Ibn Taimiyah mengingatkan kita:

“Sesungguhnya manusia telah sepakat bahwa akibat (atau efek) sikap zhalim adalah kebinasaan dan akibat sikap adil adalah kemuliaan. Oleh karena itu diriwayatkan bahwa Allah akan menolong negara yang adil meski ia kafir dan tidak akan menolong negara yang zalim, meski ia mukmin.”

Dengan demikian, spirit Islam adalah keadilan, dan lawannya adalah kezhaliman. Kalau ada orang yang adil (mampu berbuat adil dan menegakkan keadilan) ya kita dukung meskipun dia bukan Muslim dan Allah akan menolong orang yang adil tersebut.

Kalau ada orang Muslim, yang bersikap zhalim dan melakukan kezhaliman, ya jangan didukung. Allah tidak akan menolong orang yang zhalim.

Sesederhana itu sebenarnya, tanpa harus emosi dan punya tendensi kepada isu politik praktis. Kita ngaji saja apa makna ayat tersebut dan gak usah ikut-ikutan menjadikan ayat itu seolah-olah sebagai “ayat pilkada”

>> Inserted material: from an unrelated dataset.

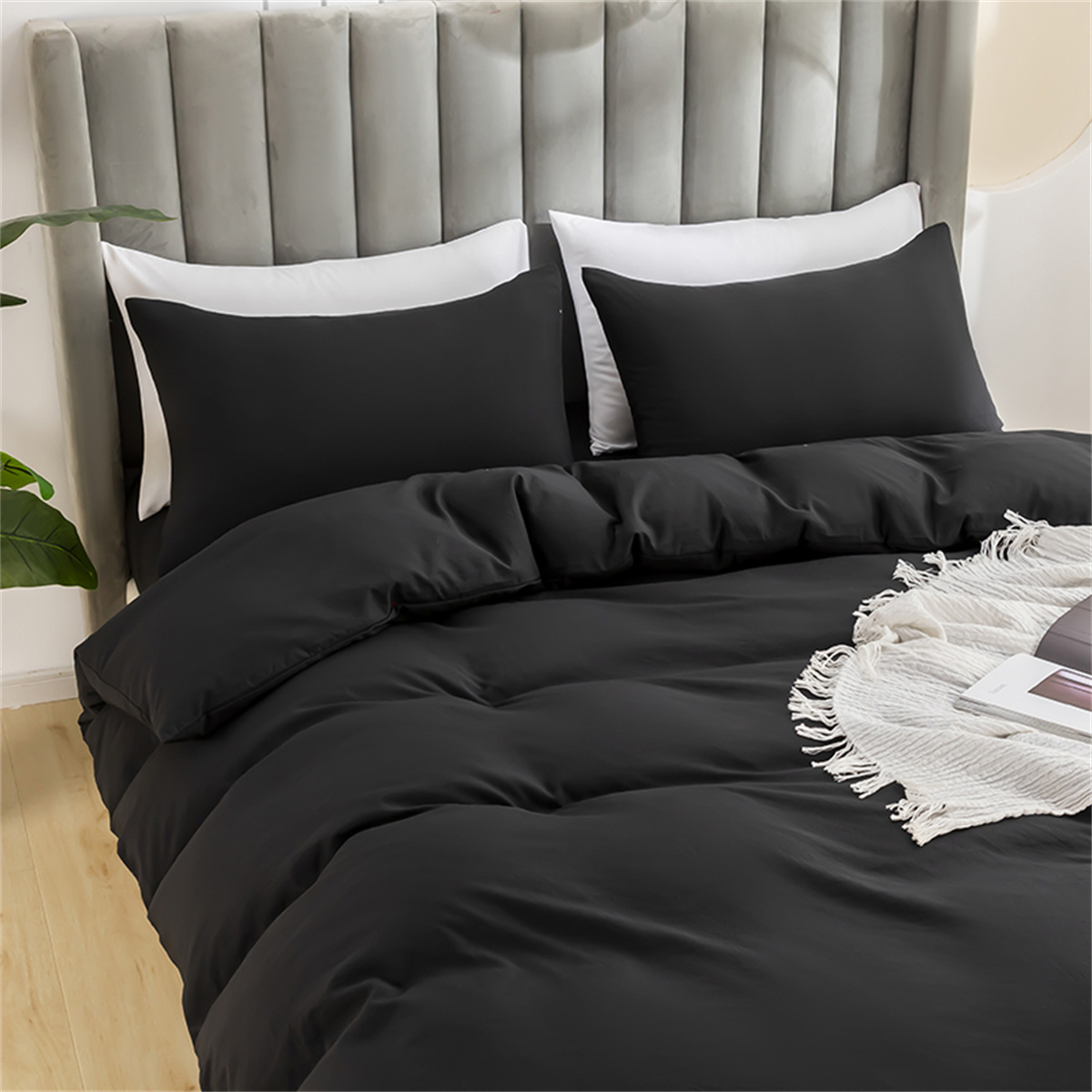 2025款跨境外贸纯色磨毛枕套被套套件三件套床上用品外贸专供可定制 浅灰

Apa makna “awliya” di kitab-kitab tafsir lainnya pada QS al-Ma’idah ayat 51:

  1. Tafsir al-Baidhawi

    Jangan bergantung kepada mereka dan jangan berakrab-akrab dengan intim.
  2. Tafsir fi Zhilalil Qur’an

    “Ada baiknya kami jelaskan terlebih dahulu makna  yang Allah melarang orang-orang yang beriman melakukan ini antara mereka dengan Yahudi dan Nasrani. Sesungguhnya yang dimaksud dengan kata ini adalah saling menolong dan memberikan loyalitas (kesetiaan) kepada mereka.
  3. Tafsir Jalalain

    mengikuti dan mencintai mereka
  4. Tanwir al-Miqbas min Tafsir Ibn Abbas

    Menjadikan mereka awliya dalam hal meminta pertolongan dan bantuan
  5. Tafsir al-Khazin

    Allah melarang semua orang beriman mengambil Yahudi dan Nasrani sebagai penolong dan pembantu mereka yang beriman kepada Allah dan RasulNya.
  6. Tafsir al-Biqa’i

    Artinya mengambil mereka sebagai kawan akrab dengan mengerjakan hal-hal yang biasanya dilakukan oleh sahabat dekat.

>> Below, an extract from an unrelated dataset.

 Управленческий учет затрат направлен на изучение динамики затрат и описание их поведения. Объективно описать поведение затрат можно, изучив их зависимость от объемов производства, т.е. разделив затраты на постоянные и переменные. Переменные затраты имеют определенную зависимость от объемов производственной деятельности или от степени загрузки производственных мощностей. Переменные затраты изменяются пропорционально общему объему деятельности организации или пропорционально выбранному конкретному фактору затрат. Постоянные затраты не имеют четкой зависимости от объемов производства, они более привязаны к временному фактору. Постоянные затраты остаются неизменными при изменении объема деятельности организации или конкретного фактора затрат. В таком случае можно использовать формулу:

Mengenai asbabun nuzul QS al-Ma’idah ayat 51 yang sudah saya cantumkan dari Ibn Katsir dalam tulisan saya: “bahwa ayat ini diturunkan berkenaan dengan dua orang lelaki. Salah seorang dari keduanya berkata kepada lainnya sesudah Perang Uhud, “Adapun saya, sesungguhnya saya akan pergi kepada si Yahudi itu, lalu saya berlindung padanya dan ikut masuk agama Yahudi bersamanya, barangkali ia berguna bagiku jika terjadi suatu perkara atau suatu hal.” Sedangkan yang lainnya menyatakan, “Adapun saya, sesungguhnya saya akan pergi kepada si Fulan yang beragama Nasrani di negeri Syam, lalu saya berlindung padanya dan ikut masuk Nasrani bersamanya.”

Nah, riwayat asbabun nuzul ini juga dicantumkan oleh:

  1. Tafsir Muqatil
  2. Tafsir Sayyid Thantawi
  3. Tafsir al-Durr al-Mansyur
  4. Tafsir al-Khazin

Perlu diperhatikan bahwa 10 kitab tafsir di atas (plus Ibn Katsir yang sudah saya kutip sebelumnya) tidak mengartikan kata awliya dalam QS al-Ma’idah ayat 51 sebagai pemimpin.